Image showing somone sitting at a terminal making decisions about whichcontent to allow and which content to block

WireGuard - The Best VPN Yet

There are two reasons I regularly use a VPN connection on my portable devices; to give myself some privacy when using untrusted networks and to get around network filtering or censorship when traveling abroad. Over the years I've switched between running my own VPN endpoint and paying for a subscription with one of the popular providers. I've recently settled on a new favourite, WireGuard. I've found it to be fast, stable, and unusually tolerant of an unstable network. In this post I'll take you through how to get set-up with your very own WireGuard VPN.

WireGuard Set-Up

The WireGuard installation instructions are relatively straightforward but I ended up tripping over myself for two reasons:

  • The instructions seem to assume you are setting up a VPN between two servers and not a mobile device.
  • Consequently, I misunderstood how IP addresses were supposed to be allocated to peers.

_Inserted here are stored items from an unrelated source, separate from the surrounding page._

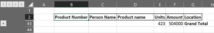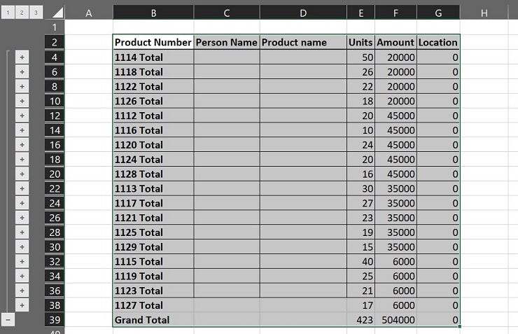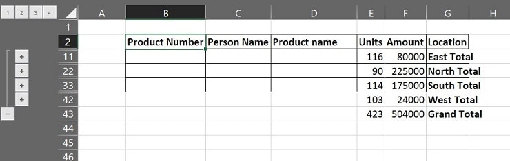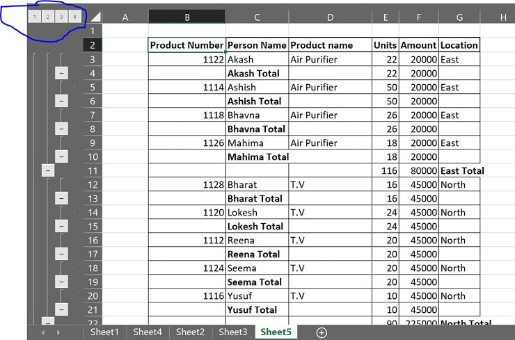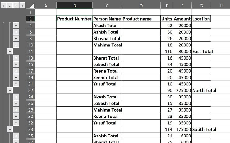 Then click ok grouped with four levels and the subtotals are calculated location wise and name wise with having 4 outline levels.
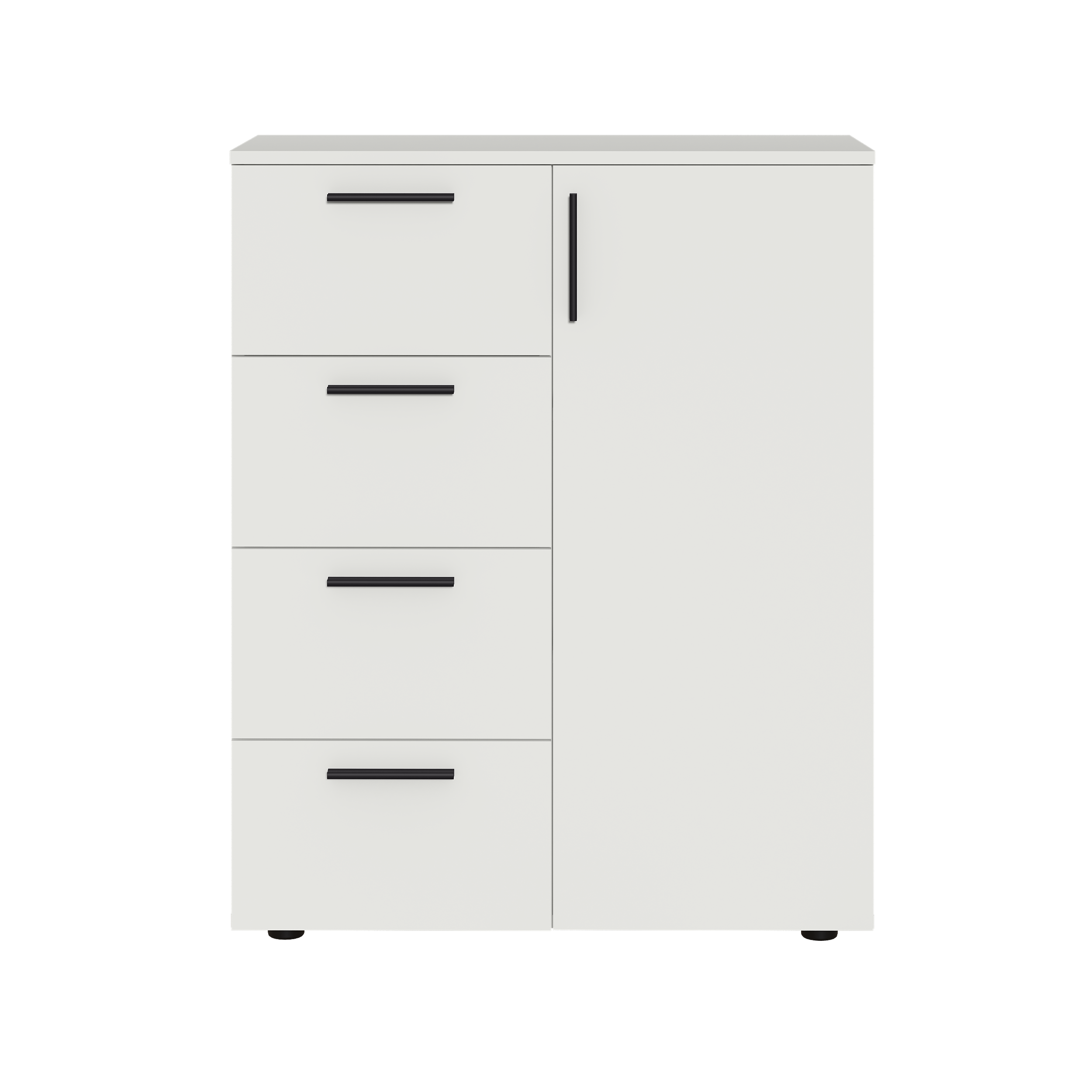 Модули универсальны и сочетаются между собой. Открытые и закрытые ниши для хранения, защитные пластиковые демпферы, съемные полки, направляющие полного выдвижения в ящиках – комфорт продуман до мелочей.
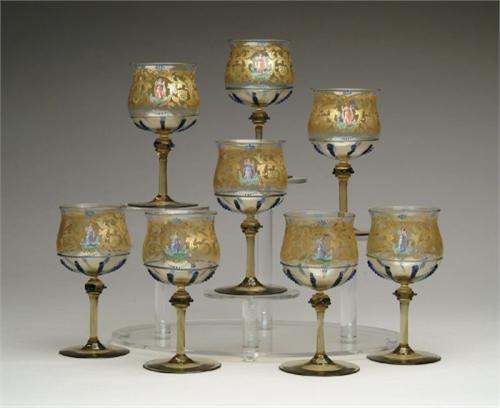 EIGHT MOSER GOBLETS. Fantastic Moser goblets are decorated with gilt flowing leaves and swirls creating four medallions around the goblet. Each medallion is decorated with lady in flowing gown. The bottom of each goblet bowl has eight applied rippled blue traceries. The amber stem has applied blue beads surrounding the top. Each goblet is signed on the underside in script "Moser". SIZE: 5-3/4 in. t. CONDITION: Very good to excellent. Collection of Dr. C. and Margaret Chastain 5-61441
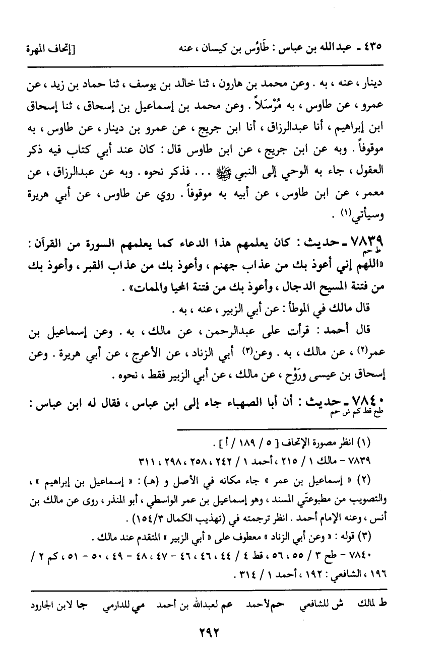 7839 - حَدِيثٌ (ط حم) : كَانَ يُعَلِّمُهُمْ هَذَا الدُّعَاءَ كَمَا يُعَلِّمُهُمُ السُّورَةَ مِنَ الْقُرْآنِ: " اللَّهُمَّ إِنِّي أَعُوذُ بِكَ مِنْ عَذَابِ جَهَنَّمَ، وَأَعُوذُ بِكَ مِنْ عَذَابِ الْقَبْرِ، وَأَعُوذُ بِكَ مِنْ فِتْنَةِ الْمَسِيحِ الدَّجَّالِ، وَأَعُوذُ بِكَ مِنْ فِتْنَةِ الْمَحْيَا وَالْمَمَاتِ ". قَالَ مَالِكٌ فِي الْمُوَطَّإِ: عَنْ أَبِي الزُّبَيْرِ، عَنْهُ، بِهِ. قَالَ أَحْمَدُ: قَرَأْتُ عَلَى عَبْدِ الرَّحْمَنِ، عَنْ مَالِكٍ، بِهِ. وَعَنْ إِسْمَاعِيلَ بْنِ عُمَرَ، عَنْ مَالِكٍ، بِهِ , وَعَنْ أَبِي الزِّنَادِ، عَنِ الأَعْرَجِ، عَنْ أَبِي هُرَيْرَةَ. وَعَنْ إِسْحَاقَ بْنِ عِيسَى، وَرَوْحٍ، عَنْ مَالِكٍ، عَنْ أَبِي الزُّبَيْرِ فَقَطْ، نَحْوَهُ.
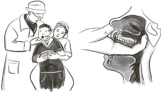 Метод диагностики прямиком со средневековых гравюр. Ребенку засовывают палец в рот по самое «не могу» и пытаются что-то нащупать в носоглотке, игнорируя слабеющие трепыхания ни в чем не повинного тельца. Говоря сухим академическим языком, метод слишком субъективный и неинформативный. Говоря по-человечески, это сущее надругательство над ребенком, бессмысленное и беспощадное. Это именно тот случай, когда хочется сказать: «Себе палец в глотку засунь!»
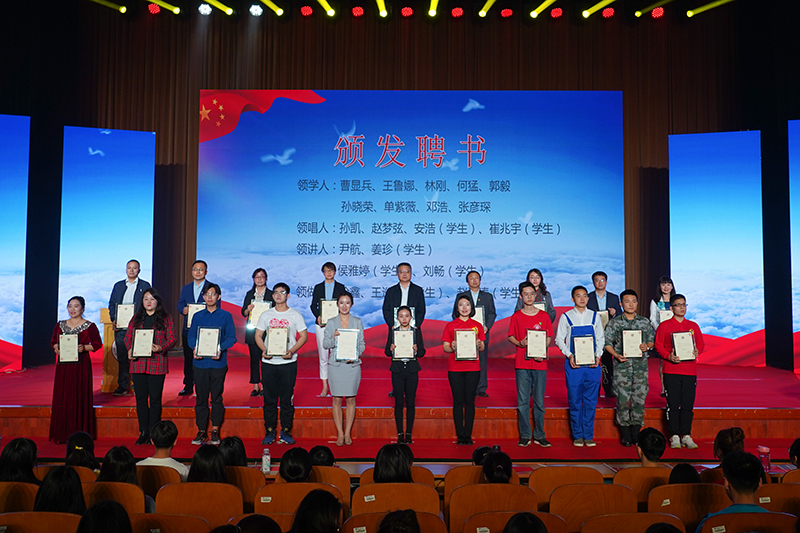 學校把慶祝新中國成立70周年“我和我的祖國”主題教育活動啟動儀式作為一次重要的愛國主義教育契機,以宣講、對話、光影、音樂等多種形式,將第一課堂教學同第二課堂社會實踐、學生社團活動等相結(jié)合,將啟動儀式辦成一場師生共同參與、情景交融、主題鮮明的大型思想政治理論課,為學生思想解疑釋惑,引導學生堅定信念,立鴻鵠志,做奮斗者。
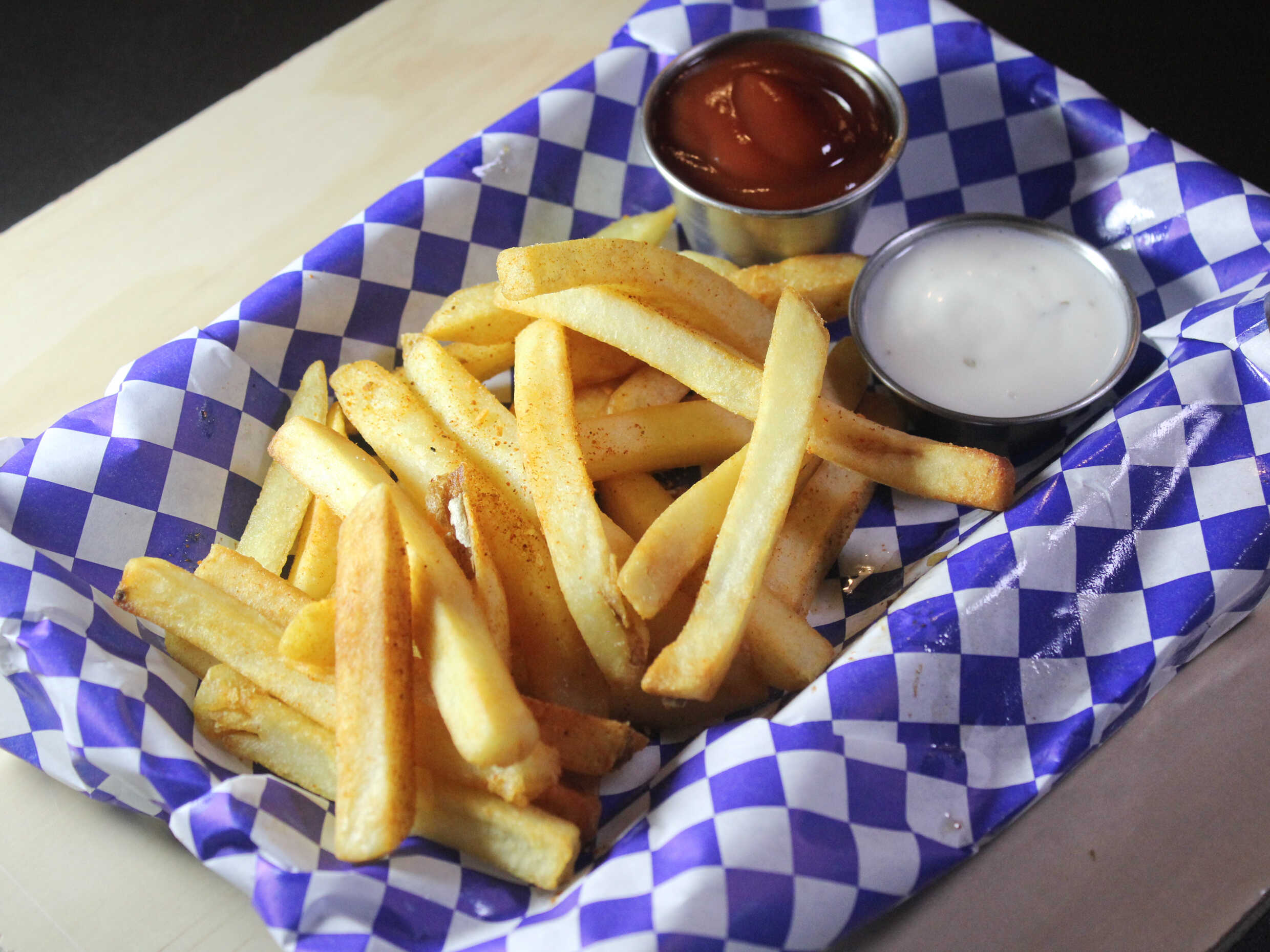 Papas gajo o a la francesa, ranch, carne o pollo, cebollín y ajonjolí. ¡Tamaño grande ideal para compartir!
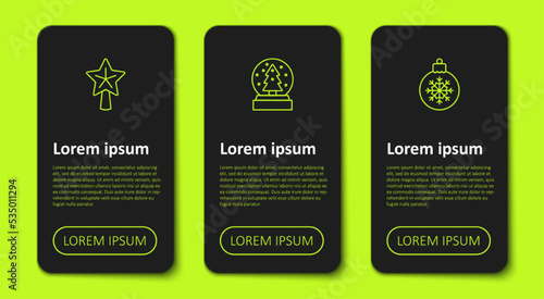 Set line Christmas star, snow globe and ball. Business infographic template. Vector
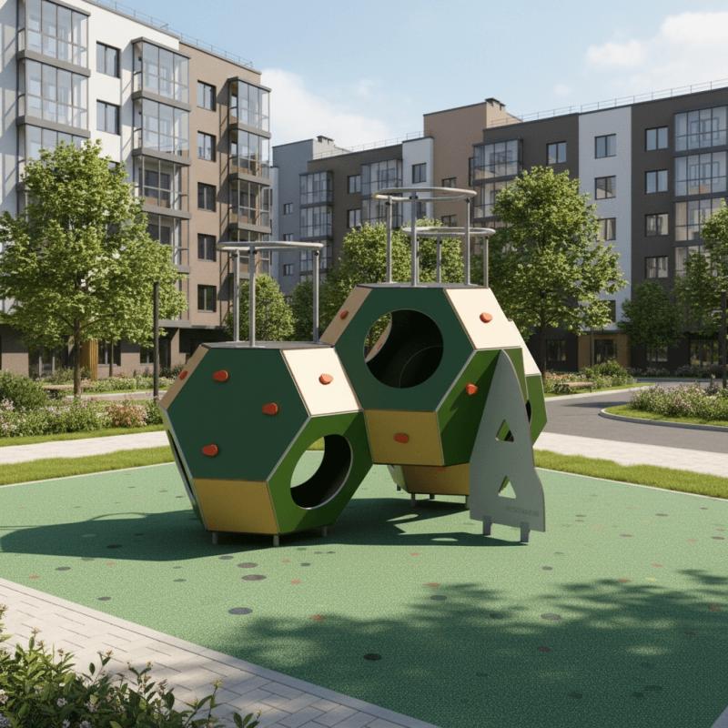 Romana 115.17.10 – игровой комплекс для возрастной группы 8-12 лет. Игровая конструкция состоит из трех усеченных октаэдров, ограждения и панели «упор». Крепится в грунт с помощью грунтозацепа и бетонируется. Игровой комплекс надежный, устойчивый и безопасный. Его шестигранные панели ударопрочные, выполнены из качественного пластика (ПНД) толщиной 19 мм. Все другие детали также изготовлены из пластика (ПНД) толщиной 19 мм. Наверху каждого октаэдра имеются пластиковые приспособления для лазанья. Игровой комплекс может устанавливаться во дворах домов, на игровых площадках, на территории торгово-развлекательных комплексов. Можно эксплуатировать круглогодично – при соблюдении техники безопасности и под контролем взрослых.
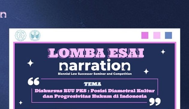 Lomba esai Narration merupakan program yang diadakan oleh Kelmpok Studi Penelitian (KSP) Principium. Principium berasal dari fakultas hukum Universitas Sebelas Maret. KSP Principium menjadi penyedia ruang diskusi untuk memberikan pemahaman bagi masyarakat terkait isu hukum, salah satunya dengan mengadakan lomba esai. Lomba esai kali ini akan berfokus pada hukum seputar kekerasan seksual yang ada di Indonesia dengan tema “Diskursus RUU PKS: Posisi Diametral Kultur dan Progresivitas Hukum di Indonesia”. Peserta yang dicari adalah mahasiswa aktif PTS maupun PTN Indonesia. Jika kamu tertarik, berikut penjelasan lebih lanjut terkait lomba esai narration KSP Principium. Untuk info lomba lain, silahkan click disini.
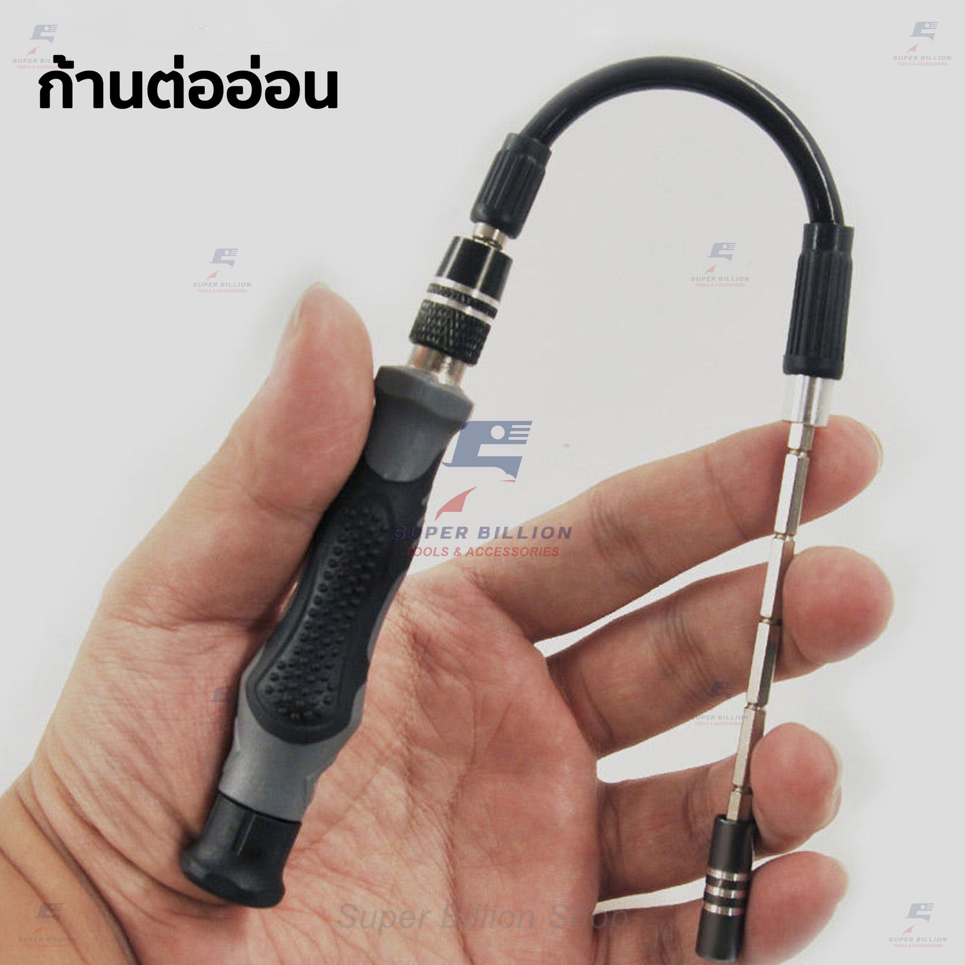 ภายในชุดประกอบด้วยไขควงด้ามจับกันลื่นแบบ TPR พร้อมก้านต่อขยายทั้งแบบแข็งและแบบอ่อน สามารถปรับระดับความยาวได้ตามต้องการ หัวไขควงทำจากเหล็กโครเมียมคุณภาพสูง แข็งแรง ทนทาน ปลายก้านแม่เหล็กแรงสูงช่วยดูดสกรูไม่ให้หล่นหาย
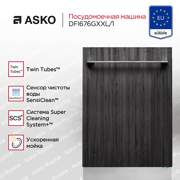Эта модель оснащена 13 программами, включая интенсивную, быструю, экологическую, ночную, автоматическую, ежедневную, гигиеническую, по времени, для пластика и хрусталя, а также QuickPro. Корзины предусмотрены как нижняя, так и верхняя. Присутствует функция автооткрывания двери и отложенный старт до 24 часов. Сушка осуществляется по технологии Turbo Combi. Особенностью является система самоочистки Super Cleaning System™. Дополнительно оборудована зонами усиленной мойки: PowerZone JetSpray™, PowerZone Cutlery™, PowerZone WideSpray™. Имеется разделенная зона подачи воды в средней корзине — Twin Tubes™. Сенсор чистоты воды SensiClean™ обеспечивает оптимальное качество мойки. Защита от протечек реализована через систему AquaSafe™. Блокировка от детей KidSafe™ делает использование устройства безопасным в доме с маленькими детьми.

The instructions below are intended to help avoid these pitfalls.

Installation

There are four main steps to setting up a WireGuard VPN:

  1. Provision (or re-use) a server
  2. Install the WireGuard software
  3. Generate key pairs
  4. Configure your peers

Although WireGuard is build as a peer-to-peer VPN, for an individual use-case it may be easier to think of it in terms of client and server as you work through the installation.

Our fist peer (think of it as a server) will be a Linux machine hosted by Digital Ocean. Our second peer (the client) will be a mobile device running iOS. It is important to note that the WireGuard software is available for most platforms so feel free to pick a different hosting provider. Equally, your client could be another Linux server, a laptop running Mac OS or an Android device.

Diagram showing a mobile device connecting over an untrusted network toa Linux host running WireGuard and then on to the big bad internet

Linux

I ran my server on Digital Ocean using the smallest droplet available. This costs just $5/month and should leave you enough headroom to host a number of small projects on the same droplet.

  • Ubuntu 18.04.3 (LTS) x64
  • Standard Plan
  • 1 GB/1CPU
  • 25 GB SSD
  • 1000 GB transfer
  • $5/mo or $0.007/hour

When choosing your region, remember that when you use your VPN, your traffic will appear to come from the region in which you deploy your server. I picked London as it's close to home, but pick the region that most makes sense for you. If travelling in Asia for example, it might make sense to deploy in Singapore.

If you don't yet have a Digital Ocean Account, this referral link will give you $100 credit to use.

You'll need to wait a couple of minutes for the Droplet to be created. You should then be able to connect to it over SSH using the public IP address assigned to the machine.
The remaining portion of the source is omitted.